Records excerpted from a collection:
>>>>
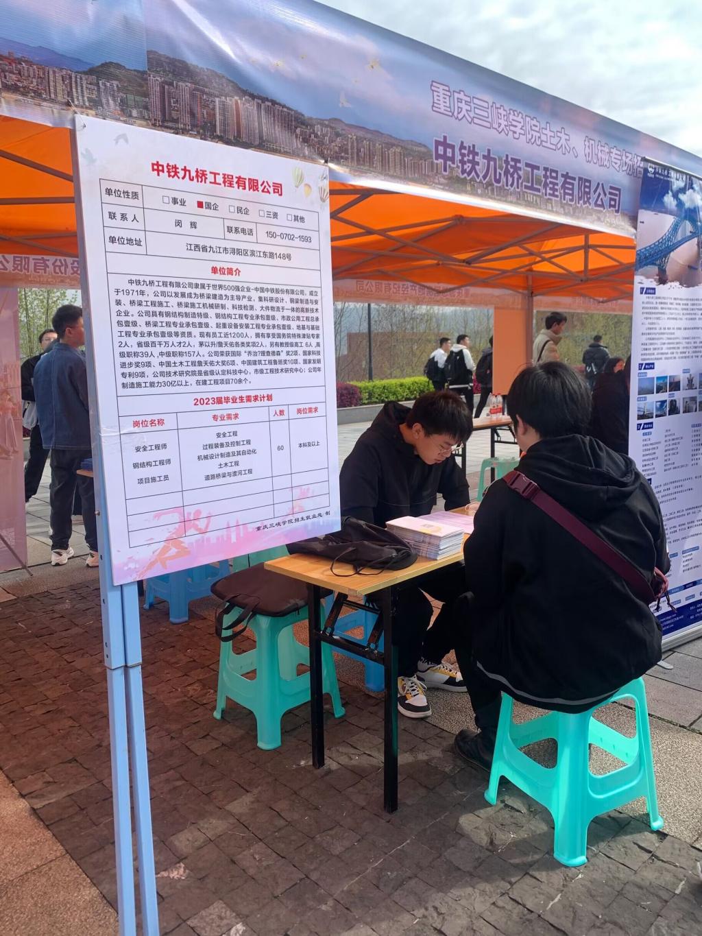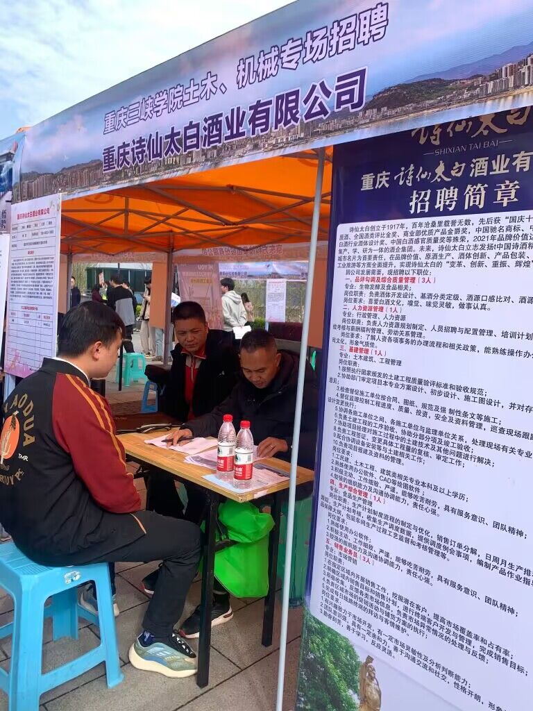 为更好服务员工就业,有效推进2023届毕业生就业工作,3月27日,2026年世界杯平台2023年春季土木、机械专场招聘会在百安校区举行。2026年世界杯官网通过前期访企拓岗,本次招聘会邀请了中国安能集团第一工程局有限公司、中国安能集团第三工程局有限公司重庆分公司、中国能源建设集团北京电力建设有限公司、中国化学工程第十六建设有限公司、人本股份有限公司、威远鸿达工程测绘咨询服务有限公司、中铁九桥工程有限公司、重庆千牛建设工程有限公司、重庆笃远集团、重庆诗仙太白酒业有限公司、重庆工业设备安装集团有限公司等11家单位参会。提供就业岗位数100余个,吸引了100多名毕业生前来参会。
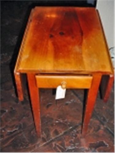 DROP LEAF TABLE, WILLIAM FETNER FROM HAMLET NORTH CAROLINA, KNOTTY PINE, SIGNED, ONE DRAWER. 36" X 2
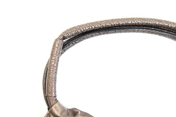 状態:外側:持ち手に若干ヨレ、フチに薄スレあり。ハンドル一部に芯抜けあり。内側:シミあり。金具:スレ、クスミあり。
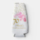 Purpurina Oro de color Orquídea Rosa 70th Birthday Party Bottle Cooler. Moderno refrigerador de botellas florales de 70 años con una hermosa orquídea acuarela rosa y un falso purpurina de oro. Añade tu nombre y edad.
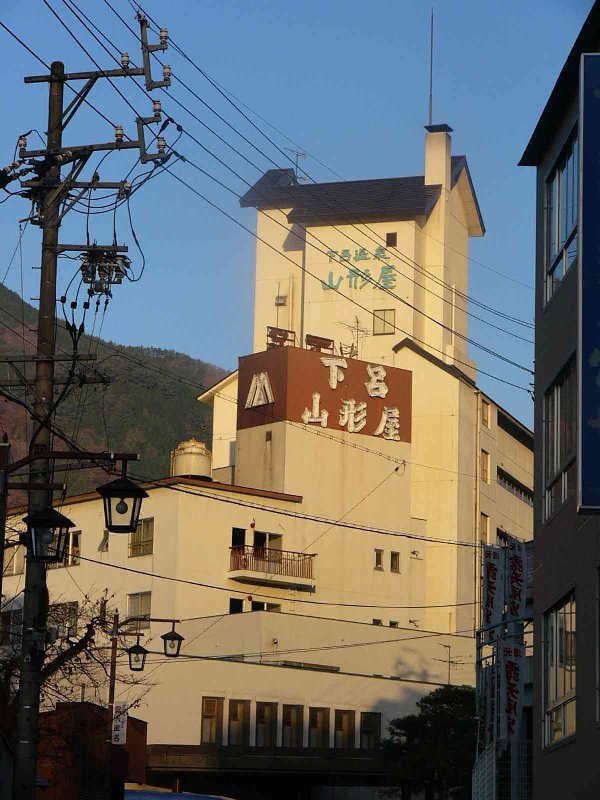 あそこが今回の宿、山形屋です。料理も美味かったー
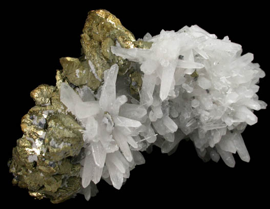 | Description: | Yellow-metallic chalcopyrite crystals to 15 mm one translucent milky quartz crystals to 14 mm. The chalcopyrite crystal surfaces have striated crystallization patterns. The cluster is fully crystallized on all surfaces with no apparent attachment point. |
<<<<
WORK TO COMPLETE ->
Strip out the pictures and quote the remaining data word for word.

EXPECTED OUTPUT ->
 为更好服务员工就业,有效推进2023届毕业生就业工作,3月27日,2026年世界杯平台2023年春季土木、机械专场招聘会在百安校区举行。2026年世界杯官网通过前期访企拓岗,本次招聘会邀请了中国安能集团第一工程局有限公司、中国安能集团第三工程局有限公司重庆分公司、中国能源建设集团北京电力建设有限公司、中国化学工程第十六建设有限公司、人本股份有限公司、威远鸿达工程测绘咨询服务有限公司、中铁九桥工程有限公司、重庆千牛建设工程有限公司、重庆笃远集团、重庆诗仙太白酒业有限公司、重庆工业设备安装集团有限公司等11家单位参会。提供就业岗位数100余个,吸引了100多名毕业生前来参会。
 DROP LEAF TABLE, WILLIAM FETNER FROM HAMLET NORTH CAROLINA, KNOTTY PINE, SIGNED, ONE DRAWER. 36" X 2
 状態:外側:持ち手に若干ヨレ、フチに薄スレあり。ハンドル一部に芯抜けあり。内側:シミあり。金具:スレ、クスミあり。
 Purpurina Oro de color Orquídea Rosa 70th Birthday Party Bottle Cooler. Moderno refrigerador de botellas florales de 70 años con una hermosa orquídea acuarela rosa y un falso purpurina de oro. Añade tu nombre y edad.
 あそこが今回の宿、山形屋です。料理も美味かったー
 | Description: | Yellow-metallic chalcopyrite crystals to 15 mm one translucent milky quartz crystals to 14 mm. The chalcopyrite crystal surfaces have striated crystallization patterns. The cluster is fully crystallized on all surfaces with no apparent attachment point. |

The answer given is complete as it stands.